A diophantine equation with only "titanic" solutions

The equation $313(x^3+y^3) = t^3$ is equivalent to finding,

$$x^3+y^3=313^2z^3\tag1$$

As Achille Hui points out, Noam Elkies found the solution with $83$-digits,

$$\small x_0 = 355507307842882624593086325021133856149447336710120844428552934573043094018915 289363\\ \small y_0 = -354602746692986709129018423204648314355484458881941451025238387384142099383045 862152 \\ \small z_0 =1517122651849438712721950935044230084378368307868200665761294465082177989014675811$$

Update: Curiously, $3(x_0+y_0) = (3\cdot 7\cdot 8273\cdot 64072783\cdot 125303678787043)^3$.

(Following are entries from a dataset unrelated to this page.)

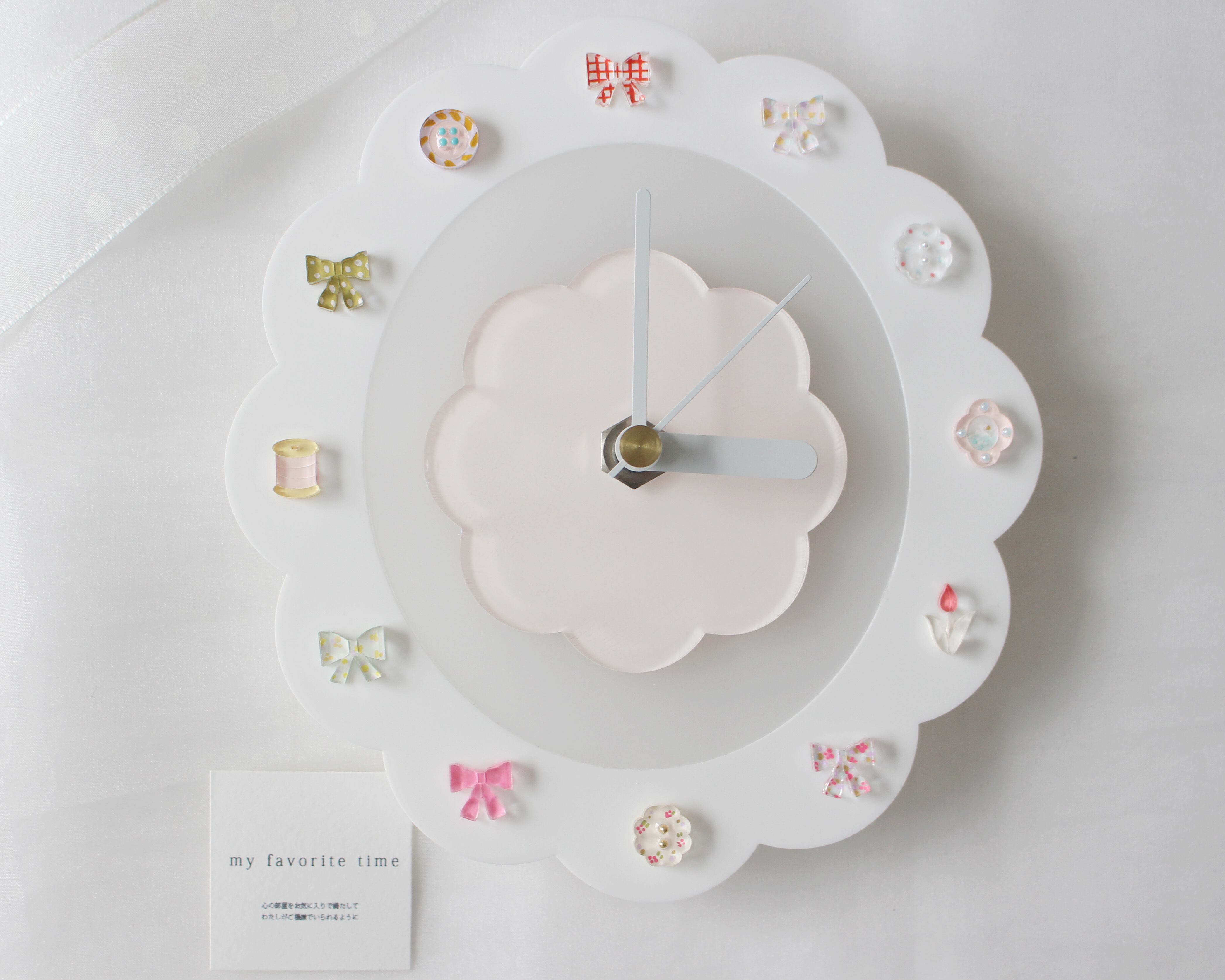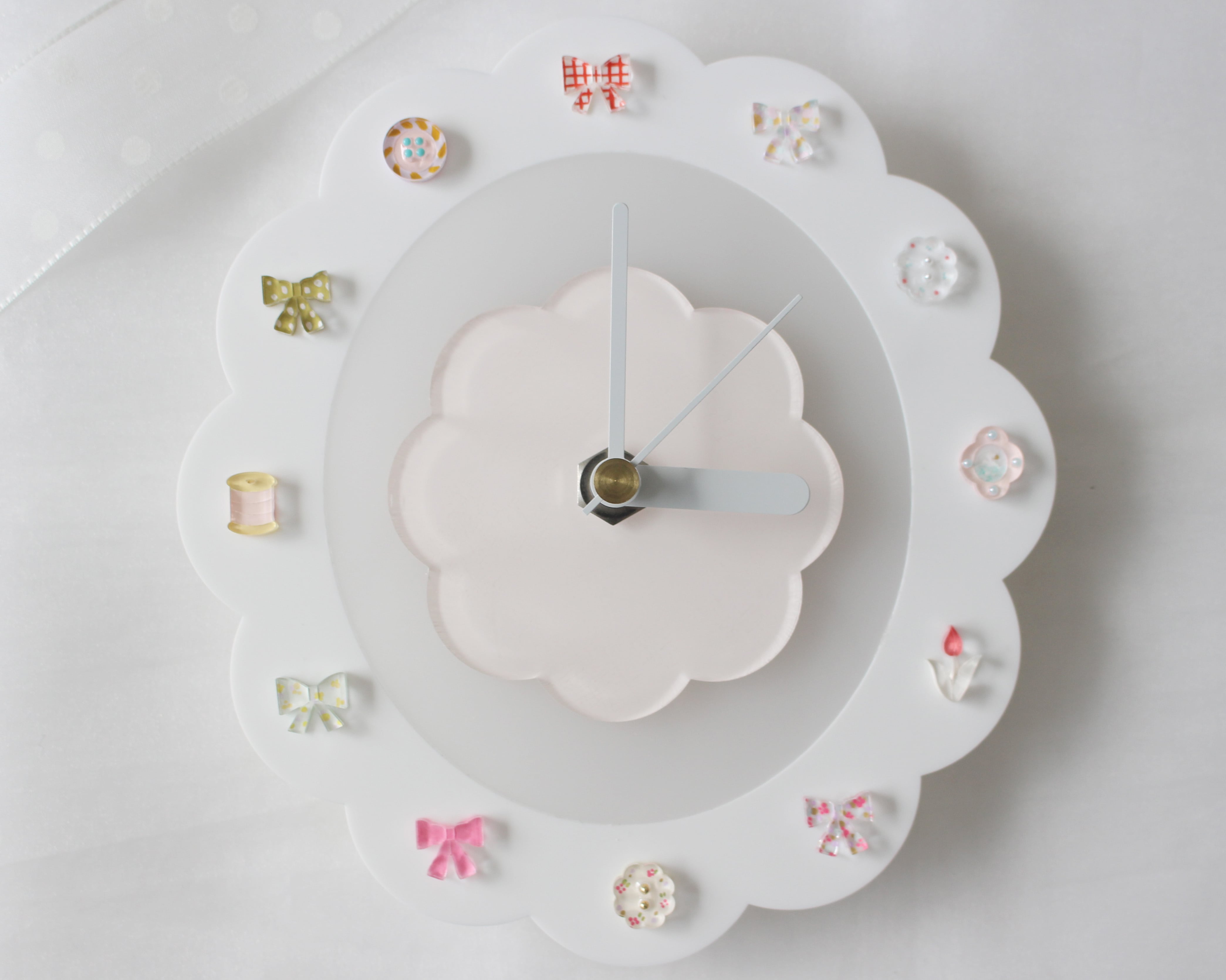 ※こちらの時計は、飾りをメインにおいて制作しており、
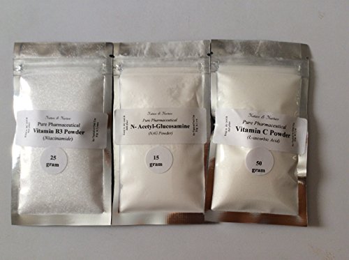 -. Feature : B3 (Niacinamide): apply Niacinamide topically has been shown to benefit skin color, decrease melanin synthesis, suppresses hyper-pigmentation, and decrease inflammation and itching. It is a potent cell-communicating ingredient. It can improve skin's elasticity, dramatically enhance its barrier function, help erase discolorations, and revive skin's healthy tone and texture. / Niacinamide also has a growing reputation for being able to address skin discolorations and to reduce acne. Niacinamide often used in tandem with other proven skin-lightening agents such as Vitamin C and Gluosamine. / NAG (N-Acetyl-Gluosamine) is considered to be a "skin identical ingredient", meaning it is found in our skin in the spaces between the cells, and it is used to maintain skin's barrier abilities and reduce dryness. Studies have shown that NAG can increase collagen production, increase moisture content of the skin, increase elasticity of the skin, increase exfoliation, and increase the speed of wound healing. / Vitamin C (l-ascorbic acid) is a potent anti-oxidant, protects skin from oxidative damages. It has anti-aging effects ,improves skin elasticity by enhanced collagen production, It can avoid hyper pigmentation including age spots. It has anti-inflammatory and soothing effects. / Pure Powder No fillers.Enough for about 8 fl. oz of lotion or Serum.
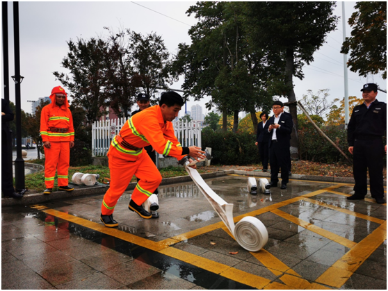 食阁模拟发生火情,紧急开展疏散、救援工作,组织引导商户、员工有序撤离、疏散。消防人员演示灭火器使用,食阁商户人员及食阁工作人员进行现场实操。物管部门进行消防器材展示演练,安保人员开展消防设施安装技能、火灾扑救技能竞赛。
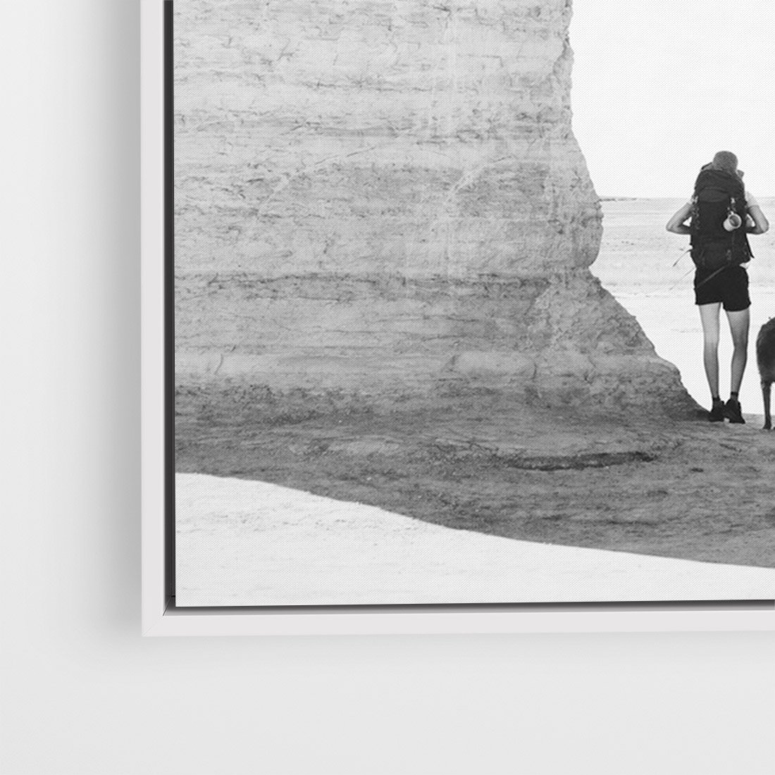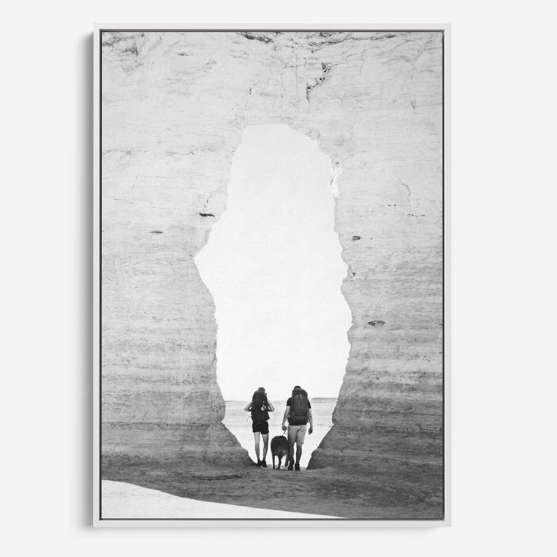 Ta czarno-biała fotografia przedstawia dwójkę podróżników, którzy eksplorują skaliste wybrzeże z psem na smyczy. W oddali rozciąga się widok na morze, tworząc malowniczą scenerię. Fotografia ta odzwierciedla ducha przygody i wspólnej podróży oraz piękno przyrody. Czarno-biała paleta kolorów nadaje zdjęciu klasyczny i nostalgiczny charakter, podkreślając jednocześnie atmosferę i emocje chwili. To doskonały element dekoracyjny do wnętrz, które cenią sobie podróżniczy duch i piękno przyrody.
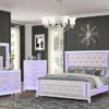 Venezia bedroom set upholstered bed is another creative modern design combination. Modern black or white platform like, upholstered bed stands on round detailed steel legs with squared stitched headboard. White solid wood elegant finish case goods accented by silver steel accents
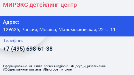 МИРЭКС, детейлинг-центр по адресу 129626, Россия, Москва, Маломосковская, 22 ст11 в дальнейшем Организация, размещена в следующих категориях:
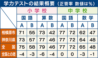 子どもの学力把握を目的とした「全国学力・学習状況調査」(全国学力テスト)の今年度の結果がこのほど公表され、相模原市の平均正答率などが全国平均を下回った。相模原市を含む政令市の具体的な数値の公表は初めてで、調査結果を受け、市教育委員会(市教委)は、基礎的な知識や能力に課題が見られると分析。同時に行われた生活習慣などに関するアンケートでは子どもの不規則な生活習慣の実態が見受けられたことから、市教委は学力向上に向けた補習授業の充実などに加え、生活習慣の改善を呼び掛けていく方針だ。
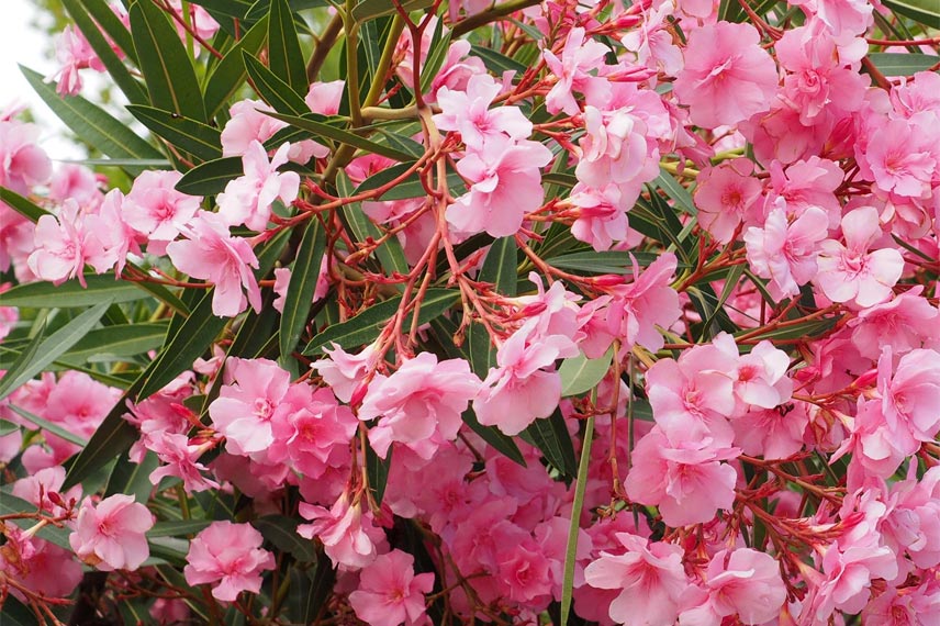 Malgré cette toxicité qu’il faut connaître, le laurier rose est la star des régions au climat doux. En effet, en été, cet arbuste florifère se pare d’une multitude de petites fleurs roses mellifères, jaunes, orange, rouges ou blanches. Typique des jardins méditerranéens, il se plait en sol bien drainé (voire sec), riche et en plein soleil. Le Nerium oleander est frileux mais il existe des variétés plus rustiques que d’autres comme le Nerium oleander ‘Rouge Double’ (-8°C, -10°C). Les régions les plus fraîches peuvent le cultiver en pot. Dès -5°C, il est conseillé de le rentrer ou de le protéger du froid avec une bonne couche de paillage et un voile d’hivernage. Vous pouvez installer le laurier rose au fond d’un massif, en haie variée ou en isolé. Résistant bien aux embruns, il compose souvent les haies de bord de mer.
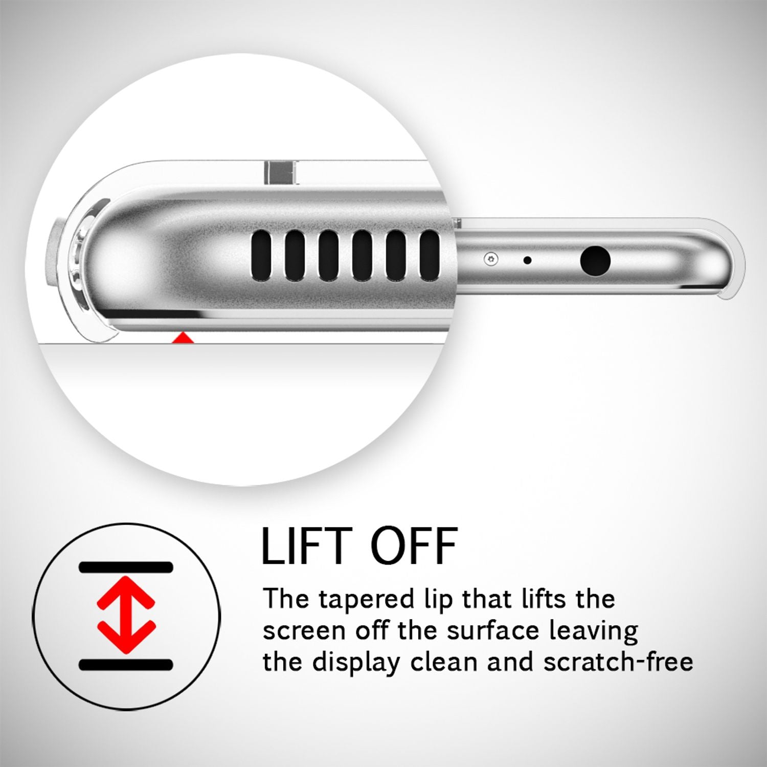 - Erhöhter Rahmen schützt das Display vor direktem Kontakt mit Oberflächen und reduziert das Risiko von Kratzern beim Ablegen.
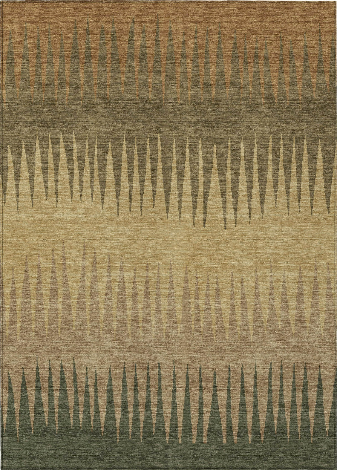 Discover the allure of our area rug, where large zig-zag lines weave a captivating flame stitch pattern, perfectly complemented by transitional stripes. Crafted to excel in both indoor and outdoor environments, thanks to its UV-stabilized material, this rug offers unparalleled flexibility. Its ultra-thin profile allows for seamless placement, and the fact that it's machine-washable makes it a favorite among families and pet owners. Elevate your home with this fusion of fashion and function.
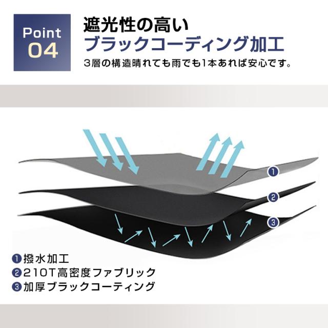 ・遮光性が高く照り返しに強いブラックコーディング裏地で、紫外線と暑さを軽減。
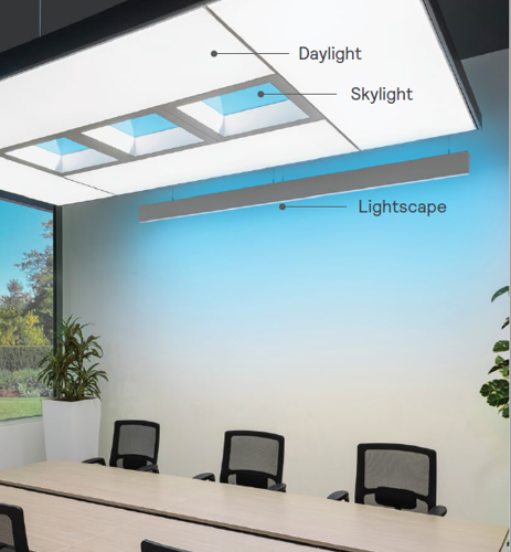 - Skylight (modrá obloha) – simuluje pohled na oblohu, díky čemuž vytváří i v malé místnosti pocit velkého prostoru a zároveň vás propojí s přírodou.
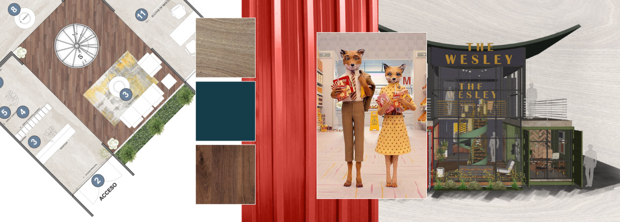 Algo que provoca que un sitio se sienta audaz y vibrante es la inclusión de elementos sorpresivos, por ello en The Wesley tomaron como inspiración la filmografía de Wes Anderson. Este complejo habitacional de edificación vertical orientado a un público joven con una rutina urbana, dinámica y divertida requería unas oficinas de ventas que reflejaran todo este concepto, así que
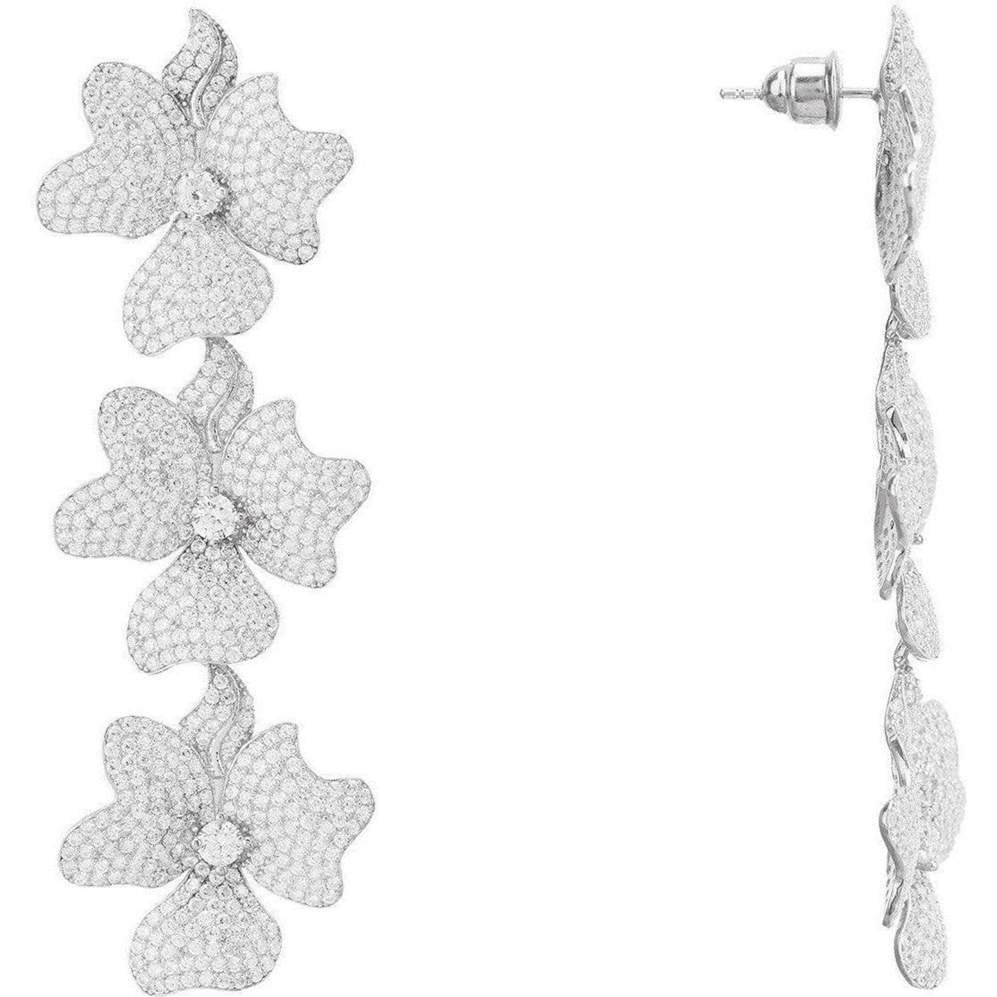 This triple drop earring features three flowers, of equal size, linked together to make a long drop earring. These stunning earrings are adorned with sparkling cubic zirconia which will add a touch of elegance and sophistication to any outfit. Although large, this
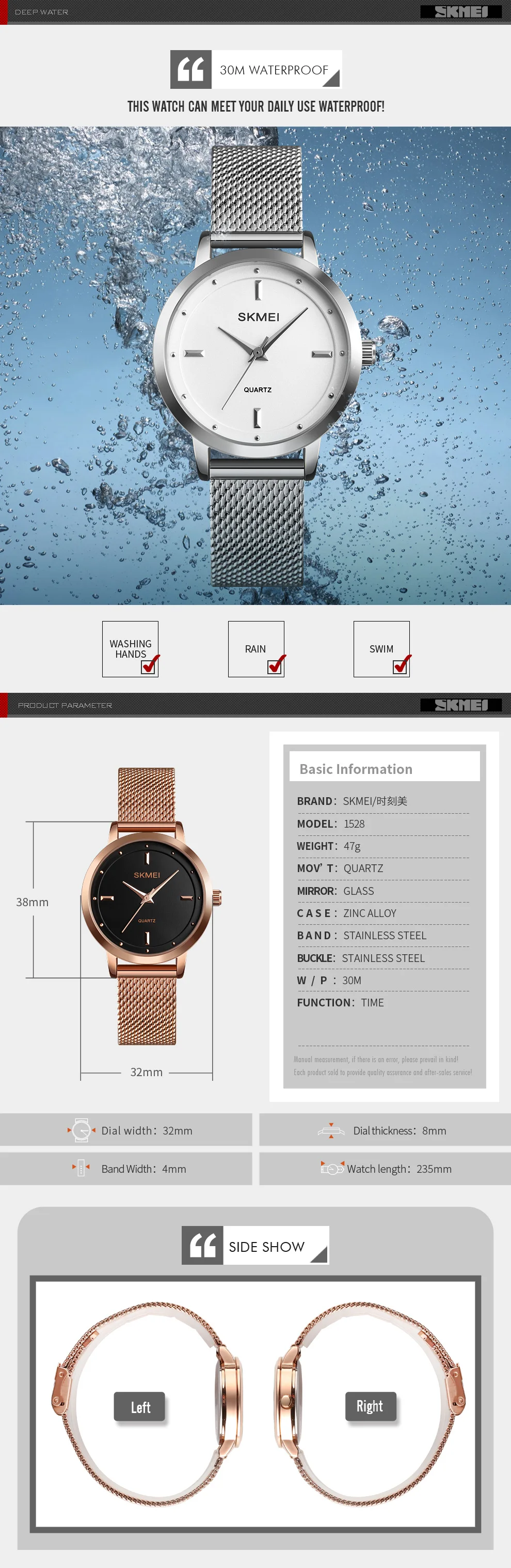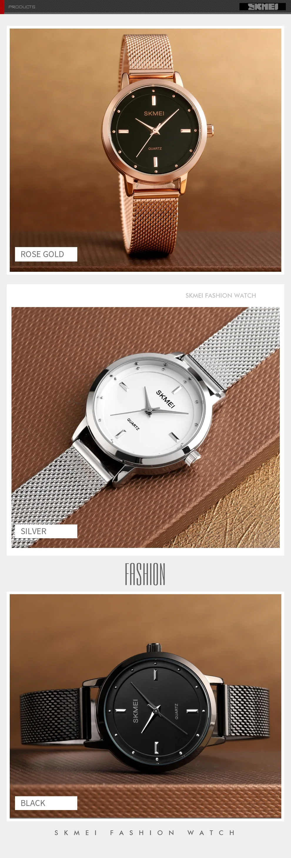 Модные женские часы, кварцевые наручные часы из нержавеющей стали, простой дизайн, женские часы, женские повседневные платья, браслет, лучший бренд SKMEI

However, the OP wants them positive. Using the method also discussed in this post, given an initial solution to,

$$ax^3+by^3 = cz^3\tag2$$

then a new one can be derived as,

$$a(-bxy^3-cxz^3)^3 + b(ax^3y+cyz^3)^3 = c(-ax^3z+by^3z)^3\tag3$$

We can use $(3)$ iteratively to find an infinite number of solutions. We have,

$$x_0,y_0,z_0 = +,\,-,\,+\\ x_1,y_1,z_1 = +,\,-,\,-\\ x_2,y_2,z_2 = +,\,-,\,+\\ x_3,y_3,z_3 = +,\,-,\,-\\ x_4,y_4,z_4 = \color{red}{+,\,+,\,+} $$

and so on. So the fourth iteration is all positive. Approximately,

$$x_4 = 1.908757×10^{21389}\\ y_4 = 4.955536×10^{21389}\\ z_4 = 1.095063×10^{21388}$$

They are too long to explicitly write down, but if you have Mathematica, you can retrace the steps taken and see those numbers in all their glory.


The curve $a^3+b^3=N$ is birationally equivalent to the elliptic curve $y^2=x^3-432N^2$ with \begin{equation} a=\frac{36N+y}{6x} \hspace{2cm} b=\frac{36N-y}{6x} \end{equation}

For $N=313^2$, the curve has rank $1$ and generator $G=(x_0,y_0)$ with

$x_0$=426235512202934545020503360093256801131707221692968586587468/216170759226021502298882345008844433022529079715666681

$y_0$=278275087731298331021683520315726613848790652329435004093249928083293904849586928211092140/100506794432879496007544646276171310440319758686599267034949687655666070652158579

which give the solution Noam Elkies tabulated.

The curve has no torsion points so all rational solutions come from points of the form $mP, \, \, m=1,2,\ldots$.

Looking at the above transformations, a positive solution will only arise when $|y| < 36N$ since $x>0$ always.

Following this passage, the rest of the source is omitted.